The theatre did, however, host the Zabalaza mini-festival at the end of January. Usually this festival involves taking work to the community and performing in front of large crowds, but now it was presented at the theatre without an audience apart from a small number of adjudicators.
Meanwhile, the state-funded Playhouse Theatre in Durban is entirely closed to audiences. However, behind closed doors, work still continues: the theatre shifted its focus to live-streamed performances early in lockdown.
“We took a decision to ensure that we assist artists as much as possible,” said artistic director and chief executive Linda Bukhosini. The theatre has been actively pushing online content ever since.
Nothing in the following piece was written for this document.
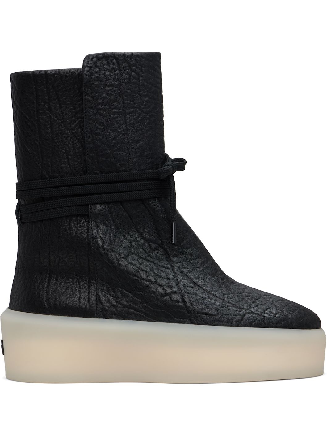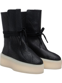 Mid-calf pebble-grained leather boots in black. · Wraparound lace-up closure · Buffed leather lining · Rubber logo patch at heel · Treaded rubber sole Supplier color: Black

“We had to figure out how to live-stream, because we’ve never done it before, so we’re learning on the go,” said Bukhosini. Between July and September, more than 800 artists received opportunities to perform and more than 100 performances were streamed.
“It’s a blessing that we have not had to scrape [financially]; that’s why we’ve gone all out to reappropriate those productions planned for the year and make sure the artists are supported,” Bukhosini said.
Many theatres have adopted a hybrid model that includes a combination of live performances and streaming. The Guild Theatre, an independent company in East London, reshaped its funding proposal last year towards online production. About 50 local artists were approached for a series that streamed in June, titled “The Buffalo City Lockdown Series”.
Manager Zane Flanagan says: “We put it out for free via our Facebook page, because we felt times are hard and people are not working.”
The show must go on
James Ngcobo, artistic director at the Market Theatre, remains positive, noting: “A theatre can never stop planning.” The Market is one of the few theatres in South Africa currently open to audiences: it is staging the award-winning play Kamphoer, starring Sandra Prinsloo, which runs until 14 February.
But it is hard to foresee a healthy theatre scene emerging any time before 2022. For now, it is impossible to sustain productions at 50% capacity. It also seems as if theatre-goers are set on the live experience, but the intimacy and warmth that these provide is just not possible at the moment.